I. Admission of Photographs

Spieker contends that the trial court erred in admitting the photographs of

Laugle because they were irrelevant, inflammatory, and improperly prejudicial. He

argues that the admission of this evidence denied him a fair trial. We review a trial

court’s admission of evidence for abuse of discretion. City of Auburn v. Hedlund,

165 Wn.2d 645, 654, 201 P.3d 315 (2009). Improper admission of evidence is

reversible error only if it is prejudicial. State v. Hatch, 165 Wn. App. 212, 219, 267

P.3d 473 (2011). Evidentiary error is prejudicial if there is a reasonable probability

that it materially affected the outcome of the trial. Id.

We first address Spieker’s contention that the photographs were irrelevant.

Evidence must be relevant to be admissible. ER 402. Relevant evidence is that

which has any tendency to make the existence of any fact of consequence to the

determination of the action more or less probable. ER 401. To prove the charge

of vehicular homicide, the State had to prove beyond a reasonable doubt that

Laugle died as a proximate result of the injuries caused by Spieker’s operation of

the vehicle. See RCW 46.61.520. Spieker argues that there was no dispute that

Laugle died as a result of the crash and the cause of her death was not at issue.

-3- No. 80225-9-I/4

The State responds that, although defense counsel agreed before trial that Laugle

died of a broken neck and indicated that Spieker would not challenge the testimony

of the forensic pathologist, there was no stipulation as to any element of the

charge.

In its ruling, the trial court explained why it considered the photographs

relevant to proving the cause of Laugle’s death:

[T]he State has a burden to prove that this accident was the cause of death. And although it’s not the only proof, in particular the seat belt bruising may confirm that the impact was such that it would match up with the injuries that are going to be testified to with the ring fracture. In addition, a witness has testified about blood, whereas the first witness was[,] I thought[,] confusing. He seemed to say the passenger got out on their own esteem [sic]. . . . I think this is confirmation that that person was mistaken. The passenger did not get out on her own. And again, the blood is confirming that this was— the cause of death here was the accident and physical injuries as opposed to something else.
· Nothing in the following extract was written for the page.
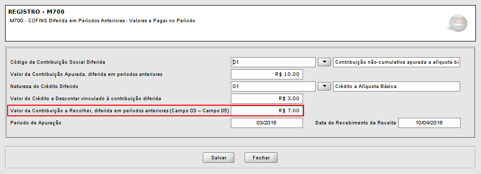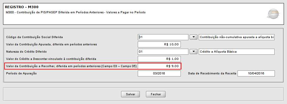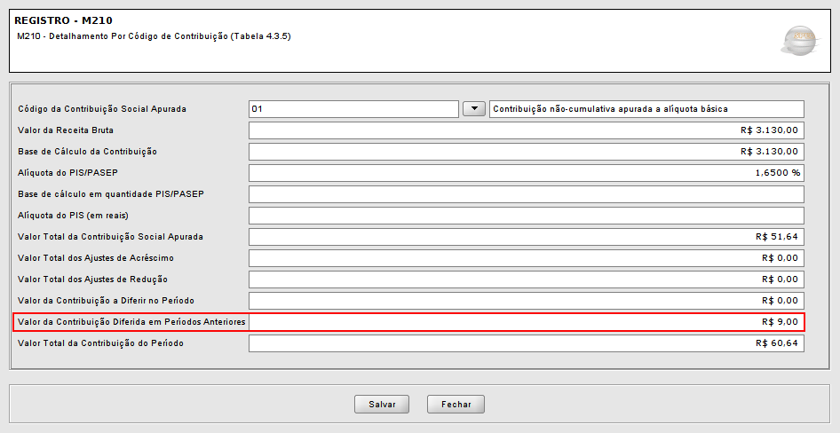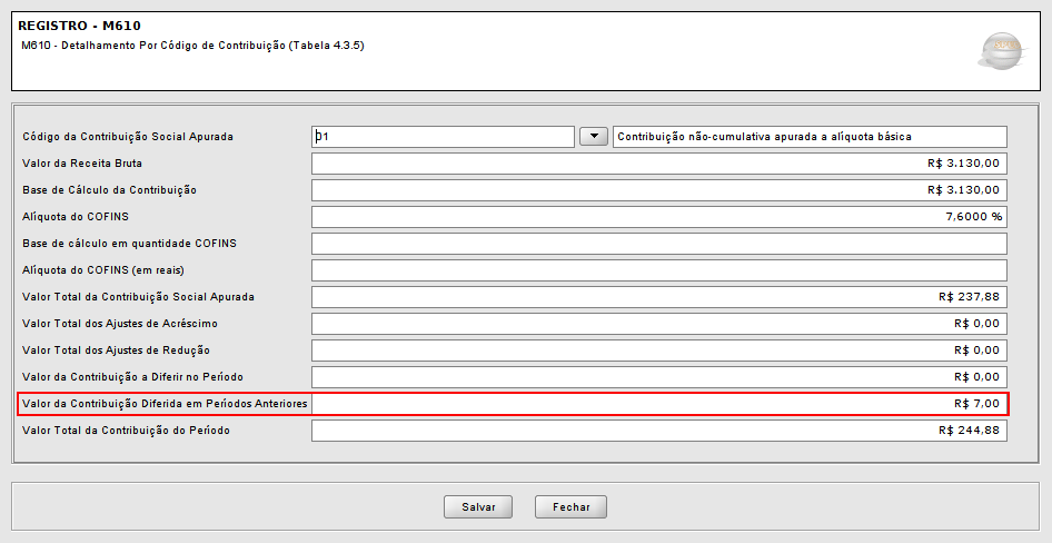 Vl. contr. diferida: | Informe o Valor da Contribuição Apurada Diferida em períodos anteriores. |

Despite the fact that Spieker did not contest the cause of Laugle’s death, the State

still had the burden to show the causal connection to the accident. The

photographs showing Laugle’s injuries were probative of this point. The court did

not abuse its discretion in determining the photographs to be relevant.

Even if evidence is relevant, the court may exclude it “if its probative value

is substantially outweighed by the danger of unfair prejudice, confusion of the

issues, or misleading the jury.” ER 403. “‘[U]nfair prejudice’ is that which is more

likely to arouse an emotional response than a rational decision by the jury.” State

v. Cronin, 142 Wn.2d 568, 584, 14 P.3d 752 (2000) (quoting State v. Gould, 58

Wn. App. 175, 183, 791 P.2d 569 (1990)).

-4- No. 80225-9-I/5

When analyzing the admission of gruesome crime scene photographs, the

Washington Supreme Court has “reversed the customary presumption of

admissibility under ER 403 and held that they are admissible if the probative value

outweighs the prejudicial effect.” Hedlund, 165 Wn.2d at 655 (citing State v.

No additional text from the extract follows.